If we assume that "diesel" uniformly contains 42 GJ/tonne of energy, each ha yields:
32.6 x 42 x 10^9 = 1.37 x 10^12 J.
Thus, the PSE on oil is: 1.37 x 10^12/6.57 x 10^13 = 2.1%.
But only 22% of the total is oil and the rest is (other) "biomass". If we assume that 1 tonne of biomass contains 15 GJ of energy (about the same as for glucose), we have:
32.6 tonnes x 15 x 10^9 x (100-22/22) = 1.73 x 10^12 J/ha, which gives a PSE of:
1.73 x 10^12/6.57 x 10^13 = 2.6%, and so the overall PSE for the PetroSun process is 2.1% + 2.6% = 4.7%
(2) Now this seems quite reasonable, and is in the 6% "ballpark" usually given for the amount of the total solar radiation that is used by plants in photosynthesis, as I have described previously. However, at 32.6 tonnes of oil per hectare, the yield is rather less than the 5,000 - 20,000 gallons/acre quoted in Wikipedia  for algal oil production.
5,000 gals/acre = 12,350 gals/acre = 12,350 x 3.875 = 47,856 l/ha, and assuming a density of 0.84 tonnes/m^2, this amounts to 40.2 t/ha, as the lower estimate.
[Assuming, again, a sunny 5 kWh/day or 6.57 x 10^13 J/ha/year], if 50% of the algae is oil with an energy content of 42 GJ/tonne, it contains: 40.2 x 42 x 10^9 = 1.69 x 10^12 J, which equates to a PSE of 1.69 x 10^12/6.57 x 10^13 = 2.6%.
Then there must be another 50% of "other" biomass, which at 15 GJ/tonne, amounts to:
40.2 x 15 x 10^9 = 6.03 x 10^11 J (PSE = 0.9%), and so the total energy of this high-oil crop = 1.69 x 10^12 + 6.03 x 10^11 = 2.29 x 10^12 J, giving a total PSE of 3.5%, which is also reasonable.

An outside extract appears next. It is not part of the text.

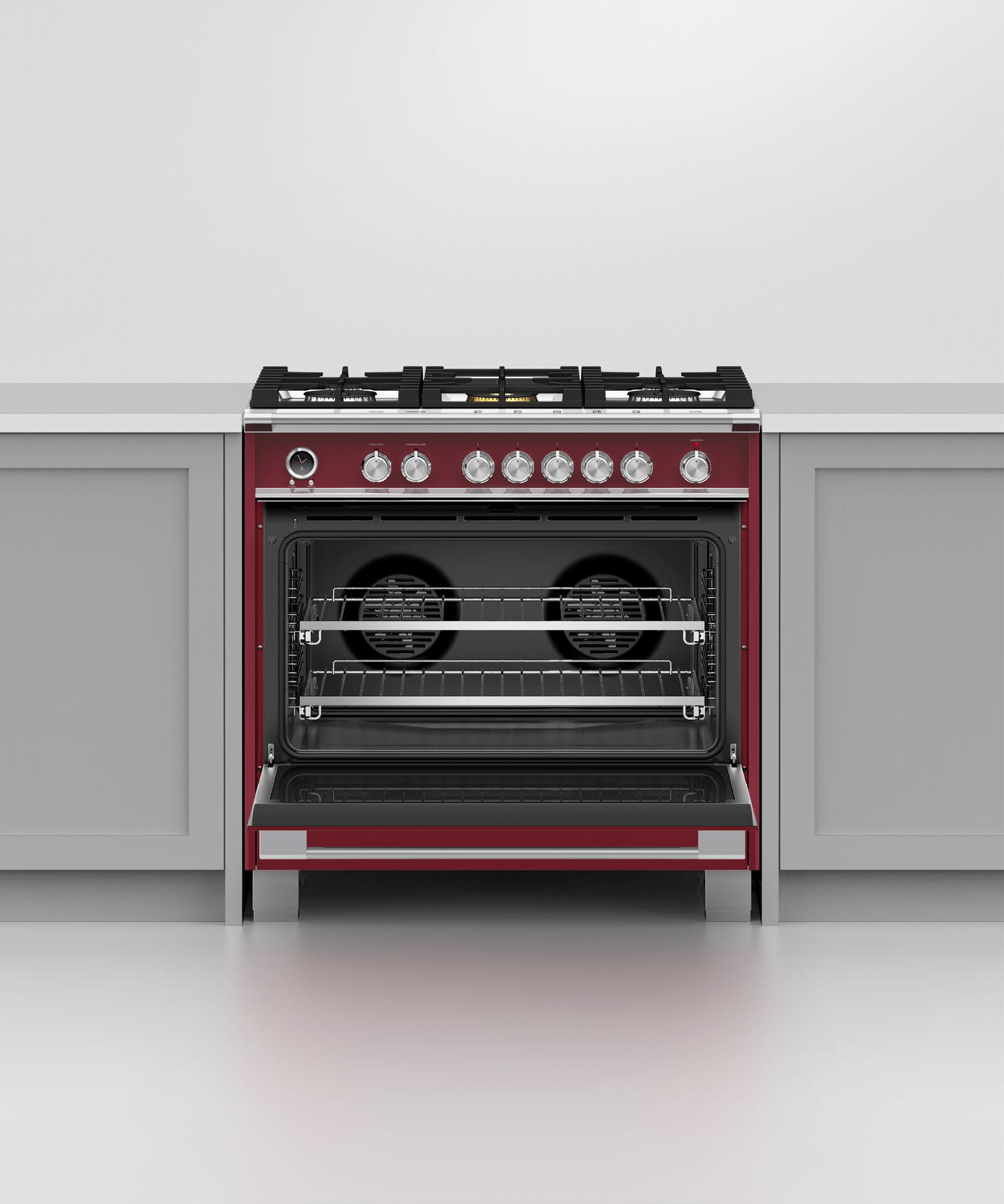 Get the best of both worlds with dual fuel. A gas cooktop is paired with a large, nine function convection oven.(BR)Finish Red

I am worried, however, about the upper Wikipedia limit of "20,000 gallons/acre". At 4x the above this implies a PSE of 3.5% x 4 = 14%! which seems far too high, being above the theoretical PSE limit, at which around 12.7% of the entire insolation is usefully absorbed by a photosynthetic entity. It is conceivable that special methods are employed to increase the yields, e.g. CO2-injection or forced-UV conditions to increase the PAR of the solar spectrum. At any rate it could not be achieved in standard open-pond systems. If someone can prove me wrong here I should be most interested in knowing the details.